In 2017, I wasn’t anyone’s first-choice pick for Pitch Wars. I only got in because my mentor, Jen Vincent, was a secret mentor and had selected two mentees who hadn’t been chosen by other mentors. I have to admit that, at first, I was disappointed that my MG manuscript—a quiet #ownvoices story about a boy who wants to connect to his father and win a fishing contest—wasn’t one that attracted all the love-at-first-sight and attention that others seemed to.
But it didn’t really matter. What mattered was that I was about to embark on my most intense editing and revising experience ever.
My mentor took her job very seriously. I had never had anyone read my work so closely. Although I wasn’t new to writing (I had been working on a memoir for almost ten years), I was new to middle-grade fiction, and Jen gave me resources that probably other mentees already knew about (like beat sheets and Save the Cat). I had always been a seat-of-my-pants writer, so it was an important learning experience to methodically work through the beats of the narrative and look closely at goal, conflict, and motivation.
Besides helping me work through the craft of rewriting, Jen also was able to give feedback from a unique perspective since she is also Latinx. Because my book is about a multi-ethnic kid (Colombian and white) struggling with his identity and place in the world, I appreciated having a mentor who could bring some of her own experiences to her critiques. I realized that, as a writer of #ownvoices stories, it was—and is—important to have people in my court who are not only cheering on my manuscript but also the broader context of the story. So much of finding a mentor in Pitch Wars or any other venue is about the match between the mentee and the mentor.

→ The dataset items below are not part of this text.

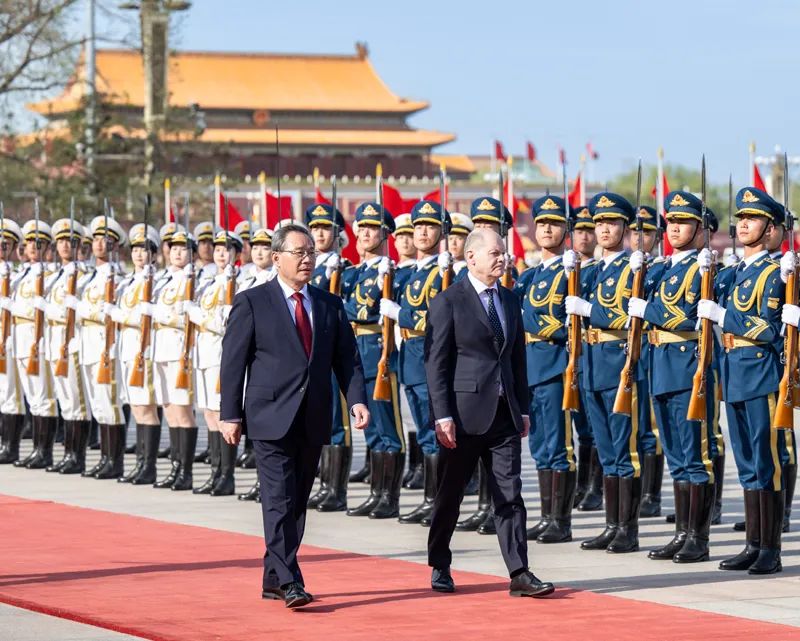 會談前,李強(qiáng)在人民大會堂東門外廣場為朔爾茨舉行歡迎儀式。
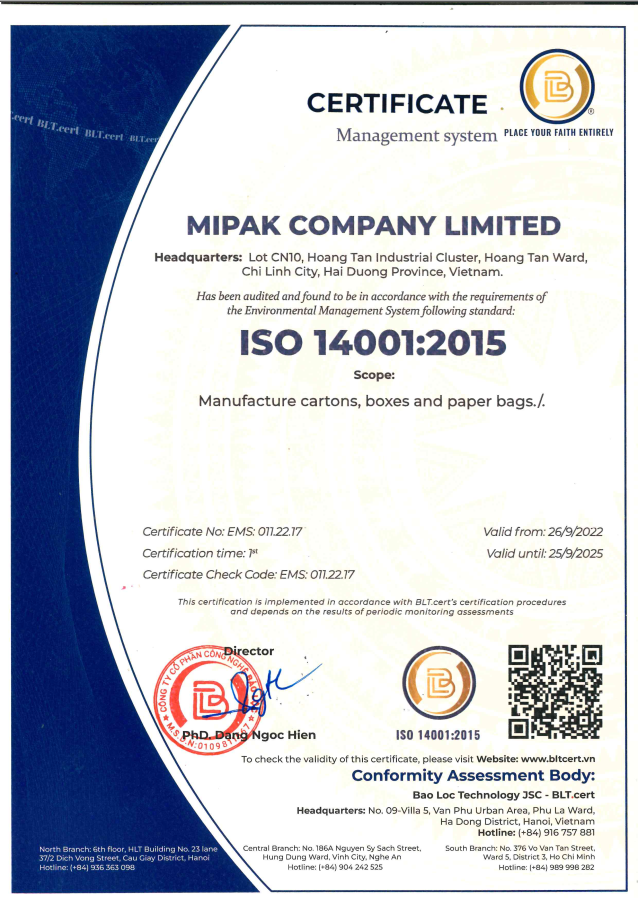 Tóm lại, việc áp dụng tiêu chuẩn ISO 14001 trong ngành bao bì carton không chỉ giúp bảo vệ môi trường mà còn nâng cao hiệu quả sản xuất và uy tín doanh nghiệp, thúc đẩy sự phát triển bền vững và đáp ứng mong đợi của thị trường hiện đại.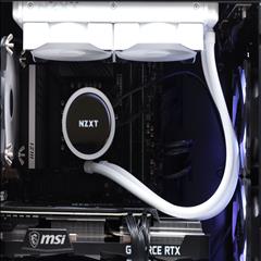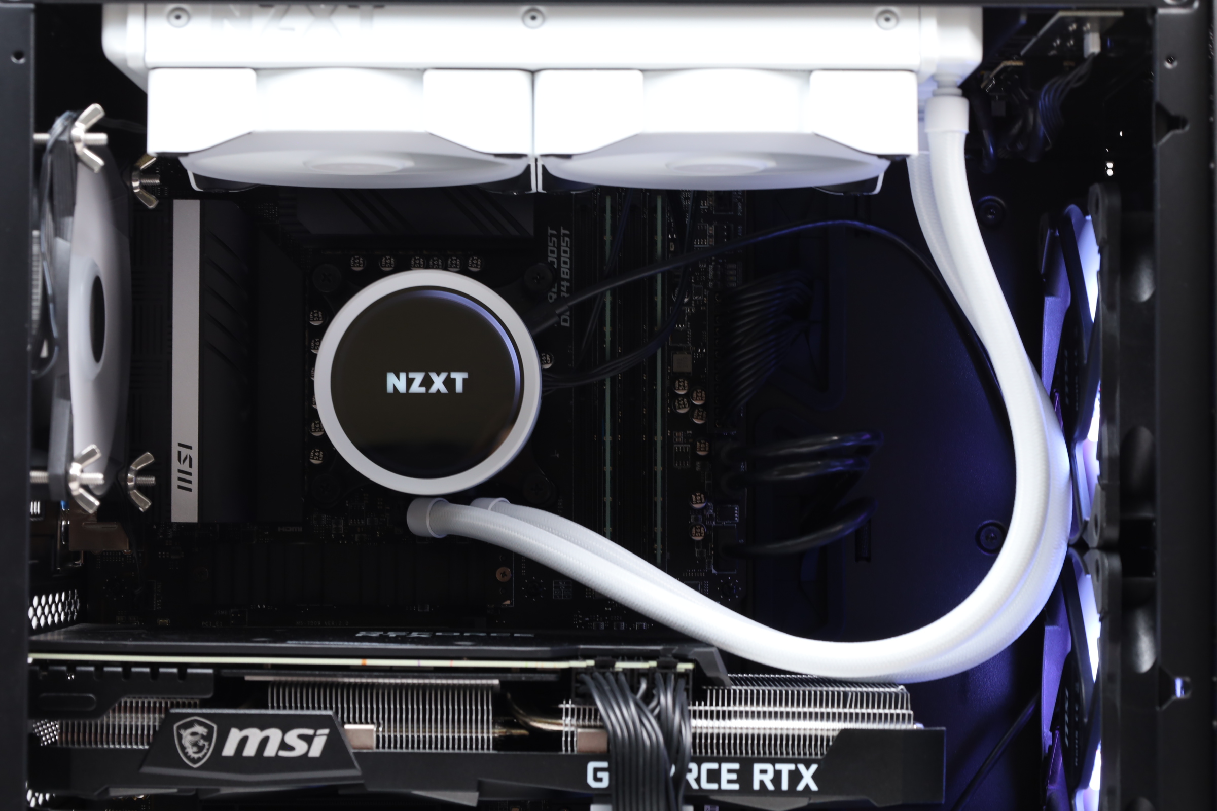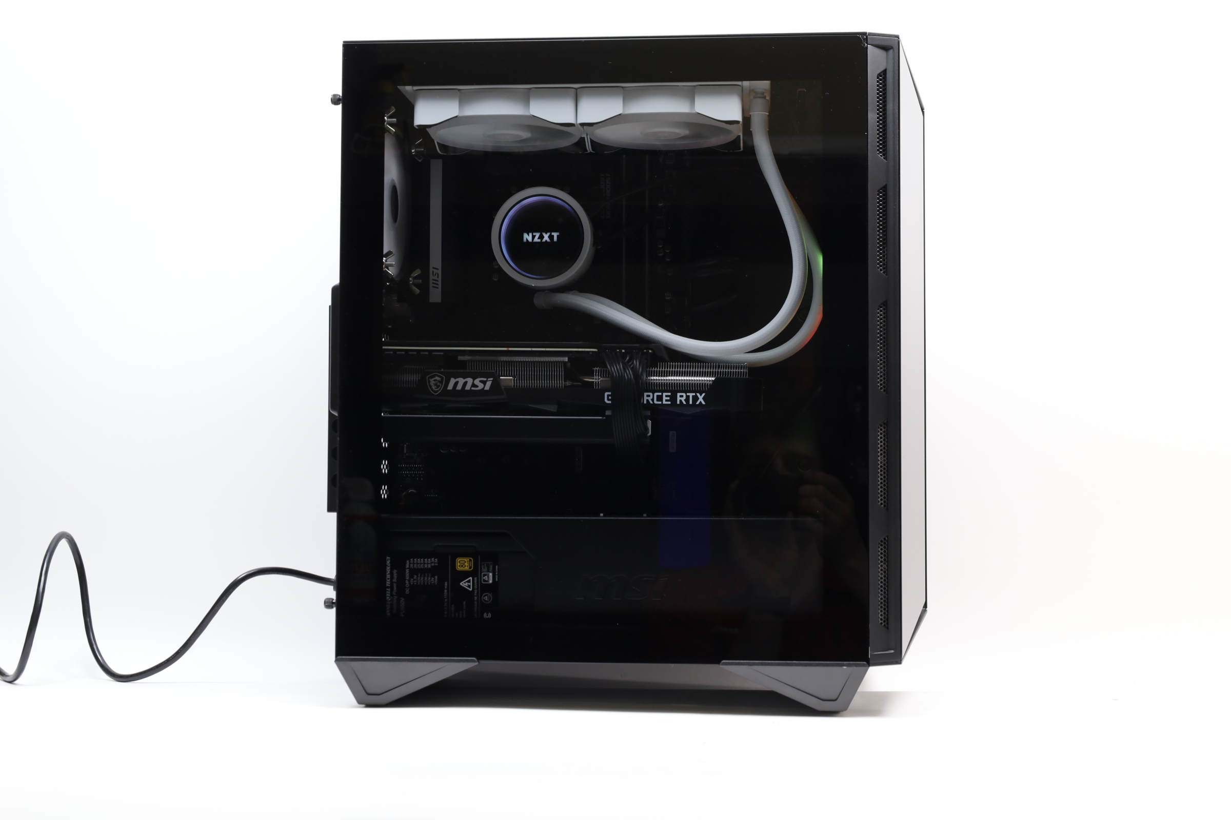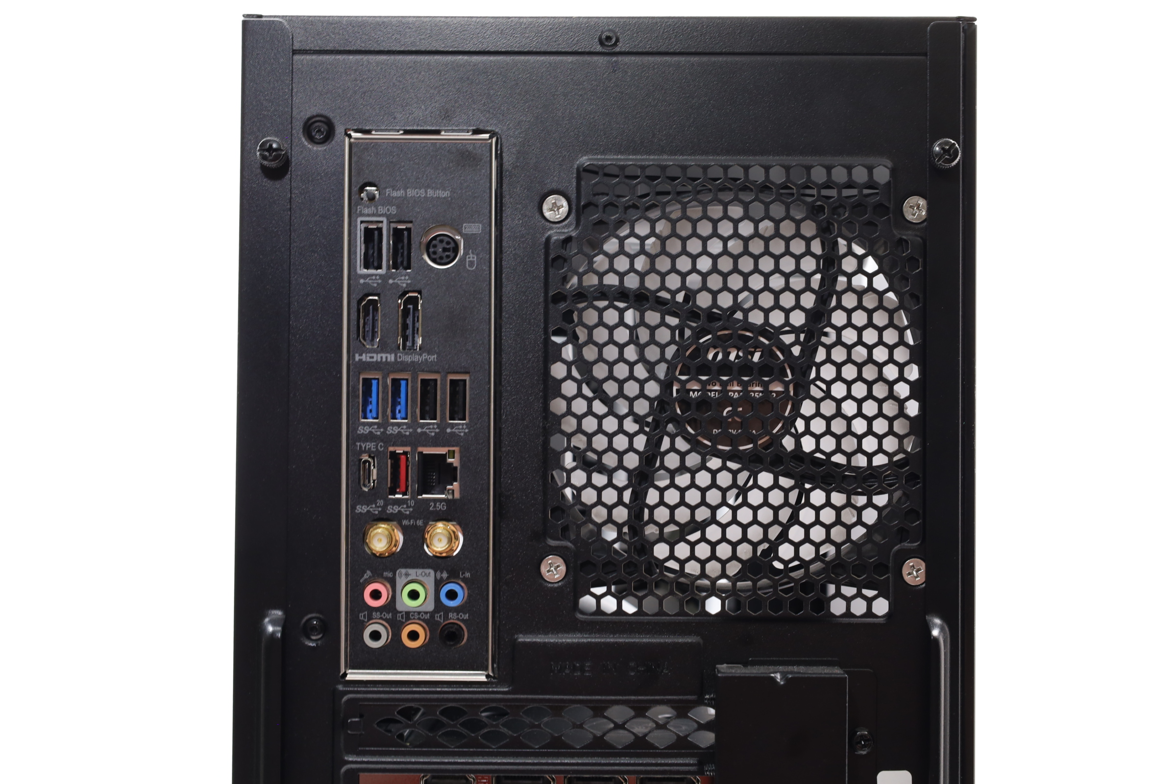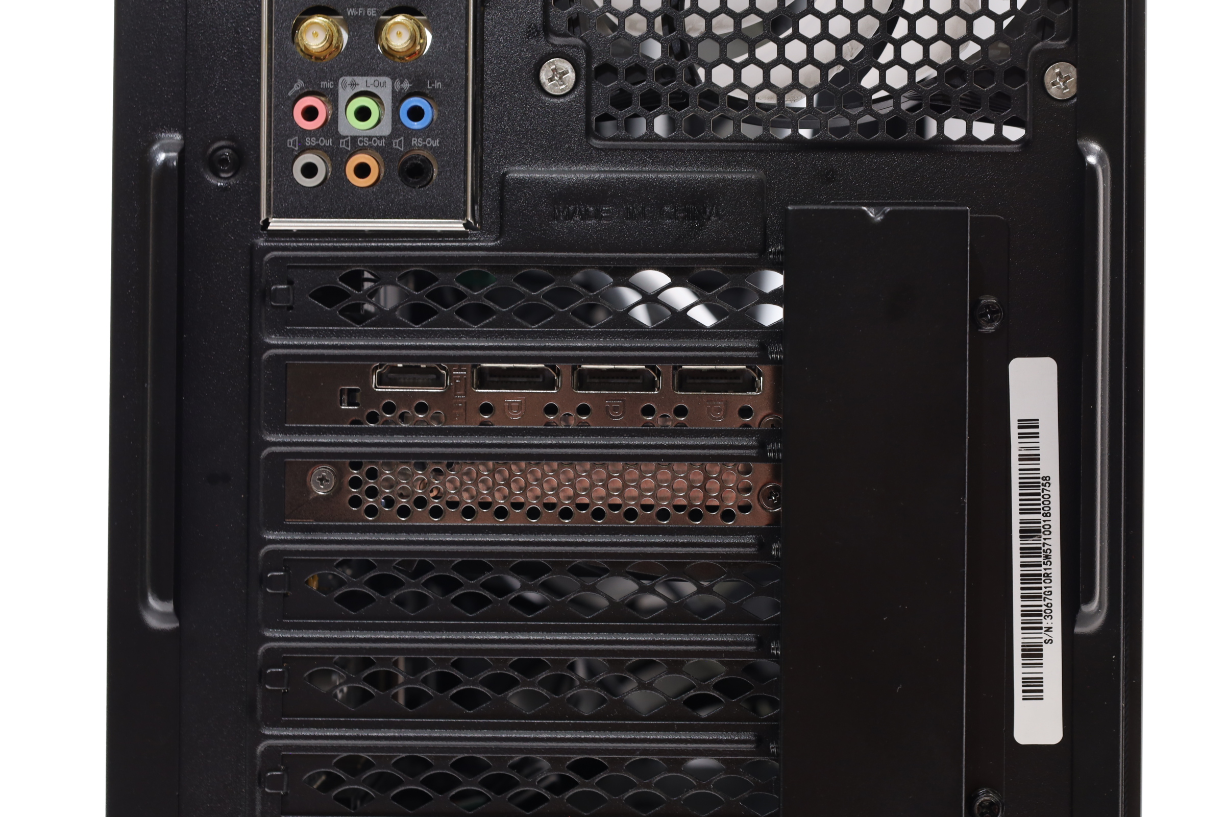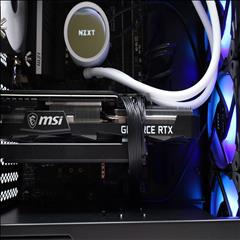 A high-performance desktop PC built for demanding tasks. It sports an 11th Gen Intel Core i7-11700K 8-Core processor with 3.6GHz base clock speed and boosts up to 4.9 GHz, paired with a generous 64GB of DDR4 RAM for smooth multitasking. The processor is cooled with a NXZT all-in-one liquid cooler. Storage includes a speedy 1TB solid state drive (SSD). The Nvidia GeForce RTX 3070 graphics card with 8GB of GDDR6X memory tackles heavy-duty graphics processing for gaming and professional applications. Wireless connectivity options include Bluetooth 5.2 and the latest Wi-Fi 6E standard. For connecting peripherals, the front panel offers two USB 3.2 Gen 1 Type-A ports, a USB 3.2 Gen 1 Type-C port, a headphone jack, and a microphone jack. The rear panel provides additional expandability with two USB 3.2 Gen 1 Type-A ports, a USB 3.2 Gen 2 Type-A port, a USB 3.2 Gen 2 Type-C port, and two USB 2.0 ports.

After two full revisions of the manuscript and dozens of revisions on the first page and the pitch, I was a nervous wreck by the time the showcase came around. But I knew that, with Jen’s help, I had brought the pages and pitch as far as I could and knowing that helped to settle my nerves somewhat. On the day of the showcase, I watched agents fall in love with other pitches, and I masochistically kept track of how many requests other manuscripts were getting. Then a few started trickling in for mine, but I already knew, I think, that my book wouldn’t be a first pick for agents anymore than it was in the mentor round. And I also knew, at some level, that this business isn’t always about being the shiniest or the most popular. A writing career is a long game. It’s about working hard and finding readers—whether they’re kids or mentors, agents or editors—that connect with your words.
In the end, I had a few requests for full manuscripts, but the wait to hear back seemed interminable. While I was waiting, I continued to tweak and edit the book, knowing that if Jen and I could spend a month on the first page, I probably had a lot more work I could do. Then, many months later, I was approached by an editor at a university press who wanted to publish my memoir. When I told the editor that I also had a middle-grade novel, he jumped at that, too. Armed with that good news, I was able to go back to the agents who still had my manuscript from the Pitch Wars showcase. And that’s how I ended up with my agent, the fabulous Thao Le of Sandra Dijkstra Literary Agency.
When I started Pitch Wars, I would have thought that the story ended there—with that one happy ending of signing with an agent. But finding an agent is only one step along the way. No more or less important than finishing a manuscript, editing and revising a fifth or sixth or twentieth draft, finding trustworthy critique partners, applying for opportunities like Pitch Wars, submitting work, querying agents, and even starting new projects.
Now, three years later, my book—the manuscript I pitched for Pitch Wars—is being published with a major publisher. And I couldn’t have done it without countless revisions, being open to critique and learning, and having great people on my side. You just have to keep going—even if you’re not someone’s first pick.
Anika Fajardo was born in Colombia and raised in Minnesota. She wrote a book about that experience, Magical Realism for Non-Believers: A Memoir of Finding Family, which was a finalist for the Bakeless Literary Prize and the 2020 Minnesota Book Awards. She teaches in Augsburg University’s low-residency MFA program and also creates and designs websites for writers, artists, and other creatives. She lives with her family in the very literary city of Minneapolis. What If a Fish is her first middle-grade novel.